Even as their fathers offer glimpses into a masculine world less fettered to decorum, the girls’ mothers continue to enforce standards of domesticity. The narrator of “Boys and Girls,” a proud apprentice to her father’s pelting operation, resists her mother’s ongoing campaign to smooth out her rough exterior, saying that she “continued to slam the doors and sit as awkwardly as possible, thinking that by such measures I kept myself free.” Yet the pressure to conform is ultimately too much to overcome: When her grandmother and younger brother join the efforts to keep her in line, the narrator ruefully concludes, “A girl was not, as I had supposed, simply what I was; it was what I had to become. It was a definition, always touched with emphasis, with reproach and disappointment.”
From story to story, one feels a sustained longing for independence. The desire to speak up—the aching need to call out personal or social injustice—struggles against the heavy weight of collective standards. This pressure is felt more keenly by Munro’s older protagonists, who face heightened stakes in their opposition and ever-greater consequences for failure. In “The Shining Houses,” a young mother, Mary, admires her elderly neighbor precisely because the old woman is “so unaccommodating.” Yet when an assembly of parents circulates a petition to chase the old woman off her property, which they consider an eyesore, Mary is unable to make her own convincing stand.
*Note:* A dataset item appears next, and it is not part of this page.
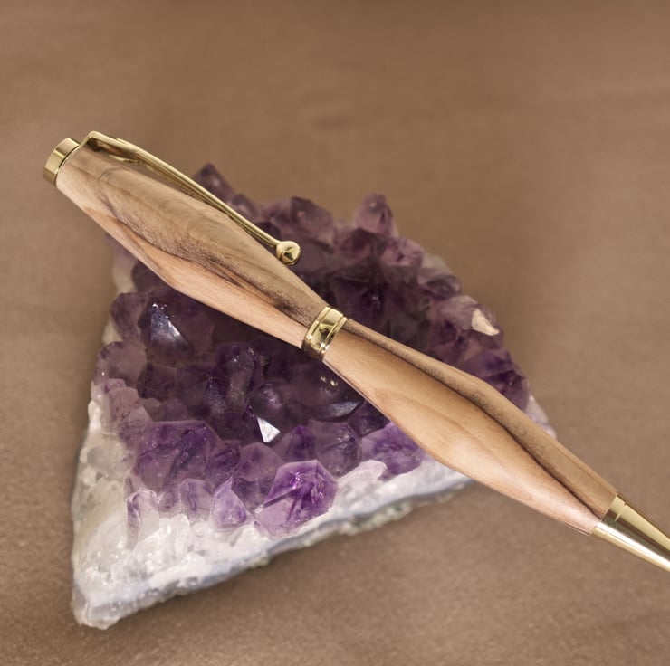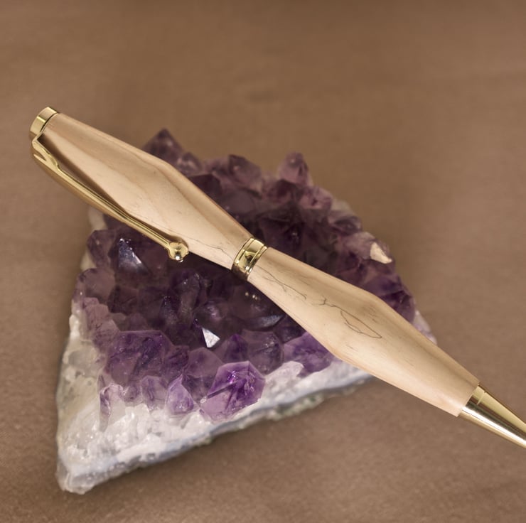 Hand crafted wood pen made with yew. This is another of my hand crafted twist pens made from the wood tree that was around 300 years old. The poor tree got struck by lightning and had to be felled around ten years ago. I have given the barrels an angular shape, with the widest points set to the centre, so keeping the balance of the pen at the centre. The wood has dramatic dark lines of spalting - a natural process that occurs as the tree grows.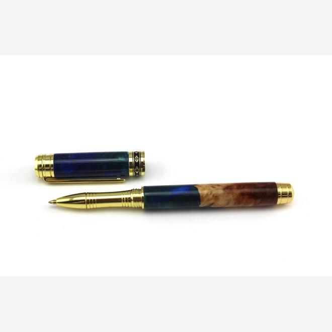 This artisan resin is named Aurora Australis ( Southern Lights) after the phenomenon seen in the southern night sky; a spectacular light show where blue, green, purple and red perform a celestial dance. This pen is created from an Australian timber burl plus hand poured resin in pearlescent blues and greens. We are proud to support fellow Aussie artisans by adding this Australian made acrylic blank to our range.

She walks out on the group in weak defiance, knowing that she has succeeded only in alienating herself from the community.
For Mary, as with many of Munro’s other women, translating frustration into effective action proves to be a daunting, if not impossible, task. A voice raised in anger is often silenced; a sense of resolve is quickly snuffed out. That pattern repeats itself in “Postcard,” when a young woman learns that the man courting her over the years has gotten married behind her back. Her mother blames her for having been physically intimate with him short of actual marriage (a judgment he is spared), while the man himself, when she publicly confronts him, chastens her again by a show of complete indifference. Too late, she recognizes him as “a man that goes his own way,” and that she, as a woman, will never be afforded that same privilege.